• **Your assignment**: Repeat the records exactly, minus the pictures.

• **Recorded data**:
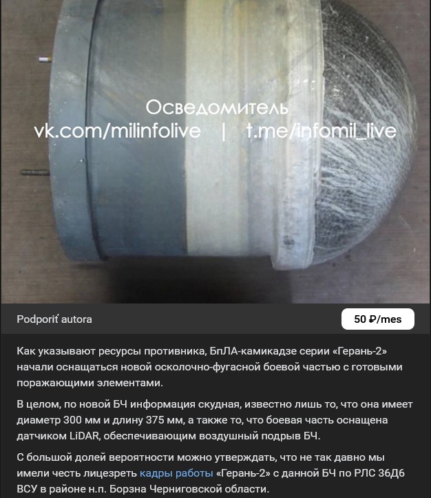 Zdroj https://vk.com/wall-123538639_4711166 z 08.10.2025Ako uvádzajú zdroje nepriateľa, BPLA-kamikadze série „Geraň-2“ (Герань-2) začali byť vybavené novou trieštivo‑trhavou (fragmentačno‑trhavá) bojovou časť s predformovanými (hotovými) účinnými prvkami / fragmentmi / elementami.
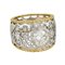 BUCCELLATI anello a fascia della tipica manifattura in oro giallo e bianco finemente inciso e satinato al centro diamante taglio brillante di stimati ct. 1 75 altri piccoli ai lati a sottolineare la lavorazione a pizzo in perfette condizioni.
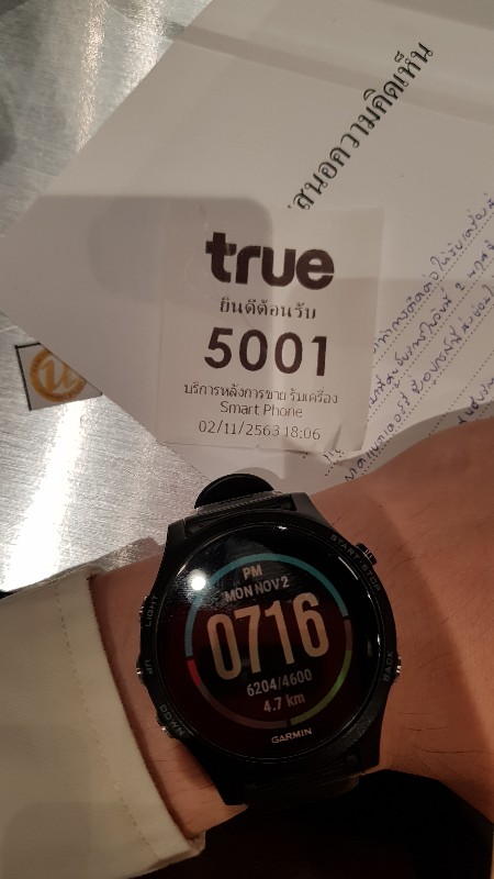 รับบัตรคิวตอน 18:06 นั่งรอไปประมาณเกือบ 40 นาทีจนเจ้าหน้าที่เรียกคิว เมื่อนั่งที่เค้าท์เตอร์ ช่างไปหาเครื่องที่ส่งซ่อมมา สรุปว่าน่าจะซ่อมไม่ได้เลยส่งเครื่องใหม่มาให้แทน ด้วยความอยากรู้ว่าใช้งานได้ไหมเลยแกะเครื่องเพื่อจะใส่ซิม ปรากฏว่า แบตเตอร์นี่หาย....
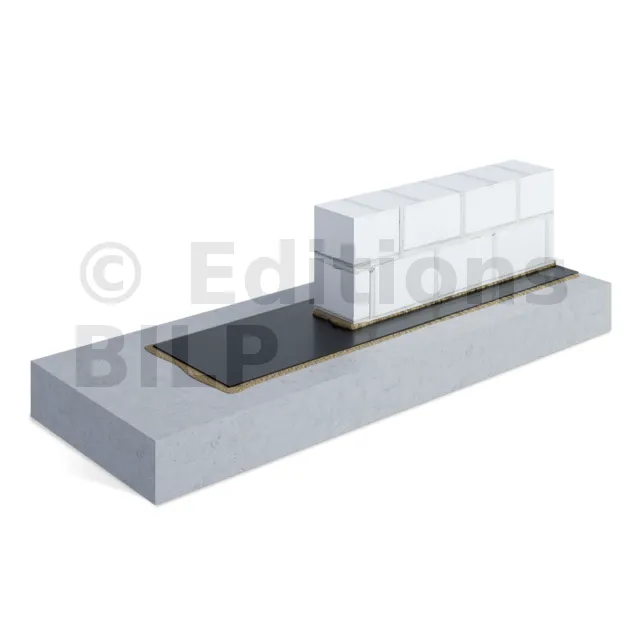 Ouvrages en maçonnerie (DTU 20.1) : La bande d’arase DELTA®-DPC est positionnée entre deux couches de mortier de ciment, à une hauteur minimale de 15 cm au-dessus du sol extérieur.
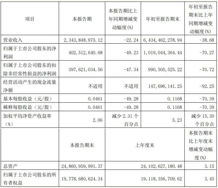 2023年前三季度,和邦生物实现营业收入64.34亿元,同比下降38.68%;实现归属于上市公司股东的净利润10.19亿元,同比下降70.27%;实现归属于上市公司股东的扣除非经常性损益的净利润9.91亿元,同比下降70.72%。
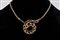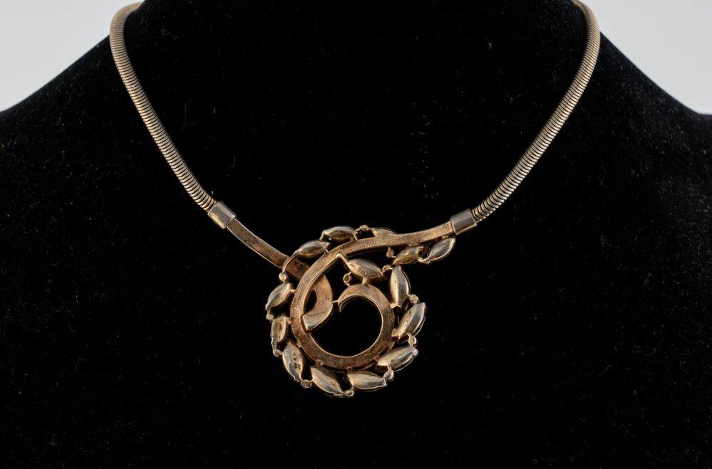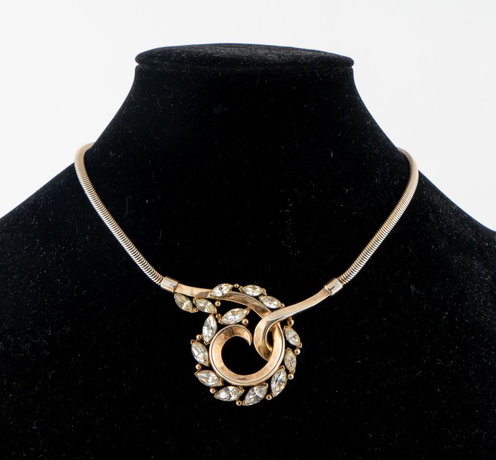 TRIFARI Collana in metallo dorato con ciondolo arricchito di zirconi. Anni '40. Cm 38. Reca marchio Trifari Pat Pend. (Lievi difetti)

• **Task solution**:
 Zdroj https://vk.com/wall-123538639_4711166 z 08.10.2025Ako uvádzajú zdroje nepriateľa, BPLA-kamikadze série „Geraň-2“ (Герань-2) začali byť vybavené novou trieštivo‑trhavou (fragmentačno‑trhavá) bojovou časť s predformovanými (hotovými) účinnými prvkami / fragmentmi / elementami.
 BUCCELLATI anello a fascia della tipica manifattura in oro giallo e bianco finemente inciso e satinato al centro diamante taglio brillante di stimati ct. 1 75 altri piccoli ai lati a sottolineare la lavorazione a pizzo in perfette condizioni.
 รับบัตรคิวตอน 18:06 นั่งรอไปประมาณเกือบ 40 นาทีจนเจ้าหน้าที่เรียกคิว เมื่อนั่งที่เค้าท์เตอร์ ช่างไปหาเครื่องที่ส่งซ่อมมา สรุปว่าน่าจะซ่อมไม่ได้เลยส่งเครื่องใหม่มาให้แทน ด้วยความอยากรู้ว่าใช้งานได้ไหมเลยแกะเครื่องเพื่อจะใส่ซิม ปรากฏว่า แบตเตอร์นี่หาย....
 Ouvrages en maçonnerie (DTU 20.1) : La bande d’arase DELTA®-DPC est positionnée entre deux couches de mortier de ciment, à une hauteur minimale de 15 cm au-dessus du sol extérieur.
 2023年前三季度,和邦生物实现营业收入64.34亿元,同比下降38.68%;实现归属于上市公司股东的净利润10.19亿元,同比下降70.27%;实现归属于上市公司股东的扣除非经常性损益的净利润9.91亿元,同比下降70.72%。
 TRIFARI Collana in metallo dorato con ciondolo arricchito di zirconi. Anni '40. Cm 38. Reca marchio Trifari Pat Pend. (Lievi difetti)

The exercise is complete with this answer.